2. git-svn, the utility that bridges svn repositories into git branches, has a similar index for mapping svn revision numbers to git tree hashes. Theirs is one hash per line, with newlines for clarity. It seems they had a very similar struggle to mine (from the git-svn source):
# Tie::File seems to be prone to offset errors if revisions get sparse,
# it's not that fast, either. Tie::File is also not in Perl 5.6. So
# one of my favorite modules is out :< Next up would be one of the DBM
# modules, but I'm not sure which is most portable... So I'll just
# go with something that's plain-text, but still capable of
# being randomly accessed. So here's my ultra-simple fixed-width
# database. All records are 40 characters + "\n", so it's easy to seek
# to a revision: (41 * rev) is the byte offset.
# A record of 40 0s denotes an empty revision.
# And yes, it's still pretty fast (faster than Tie::File).
Both of these rely on the source space being dense. If you had an LJ itemid of 10e6 you'd get a 40mb index file. This density was a property of LJ that I relied upon, even though it wasn't necessarily required of LJ. git-svn has the same shortcoming, especially when used with a tree managed with gvn, which tends to make the revision counter increase rapidly.
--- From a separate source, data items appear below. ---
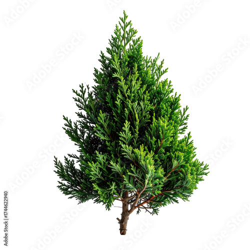 Green evergreen tree with dense foliage, visible trunk, against solid black background
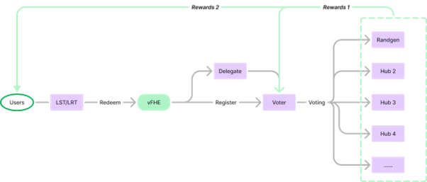 2.    委托赚取奖励:将 $vFHE 委托至 RandGen Hub,参与共识投票并获取额外奖励;
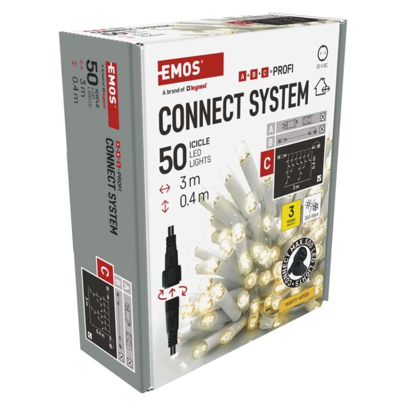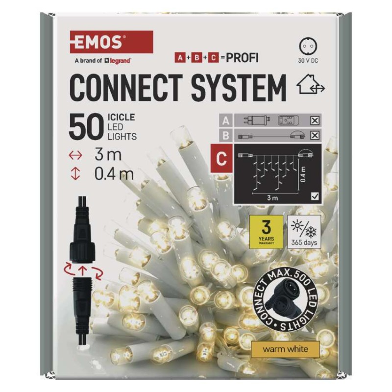Profi LED spojovacia reťaz biela – cencúle, 3 m, vonkajšia, teplá biela, časovač 8592920094549

A shared tree at work has 110k revisions and a 4mb revision database, despite my shallow git-svn clone of it only taking 4mb itself.
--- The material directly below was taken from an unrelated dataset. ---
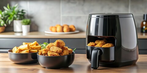 Sleek black air fryer cooking crispy chicken nuggets on kitchen counter, air fryer, black, sleek, cooking

(PS: of course, both of these could easily be solved while still not pulling in a database by using a slightly more complicated file format, like a sorted list of entries. But it's not worth the effort; even 4mb is tiny, especially for data that's just a cache anyway.)
1 And with an endianness bug waiting to happen, which of course did only after it had been released and was working fine and someone managed to run LogJam with an NFS-mounted home directory on two systems with different endianness. Ugh.